Task brief: Please write out the whole listing that follows exactly; the pictures stay out.

Recorded information:
━━━━━━━━━━

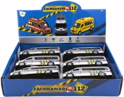 Police car with lights and sound, 15 cm, metal/plastic, pull-back
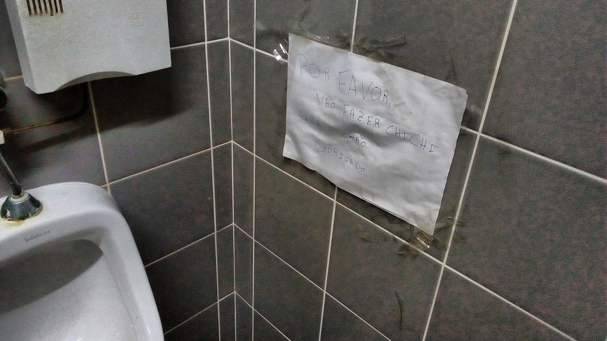 Uma porcaria, isso de mictar para o chão. Coisa própria de um porco, a bem-dizer. Merecedora, diria eu, de um aviso menos fofinho. Assim tipo, “vê lá se acertas no mictório, meu palhaço” ou “não sejas otário, mija no sanitário”. Com uma seta a apontar para o alvo e tudo. Que isto, com certa malta, não vai lá com delicadezas.
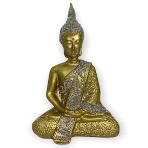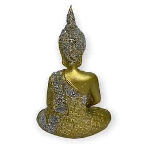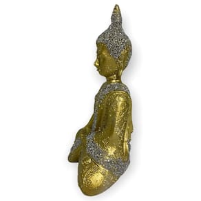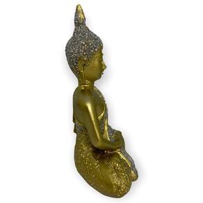 Escultura Buda Tibetano meditando 12 cm prata e dourado em resina

━━━━━━━━━━

Task output:
 Police car with lights and sound, 15 cm, metal/plastic, pull-back
 Uma porcaria, isso de mictar para o chão. Coisa própria de um porco, a bem-dizer. Merecedora, diria eu, de um aviso menos fofinho. Assim tipo, “vê lá se acertas no mictório, meu palhaço” ou “não sejas otário, mija no sanitário”. Com uma seta a apontar para o alvo e tudo. Que isto, com certa malta, não vai lá com delicadezas.
 Escultura Buda Tibetano meditando 12 cm prata e dourado em resina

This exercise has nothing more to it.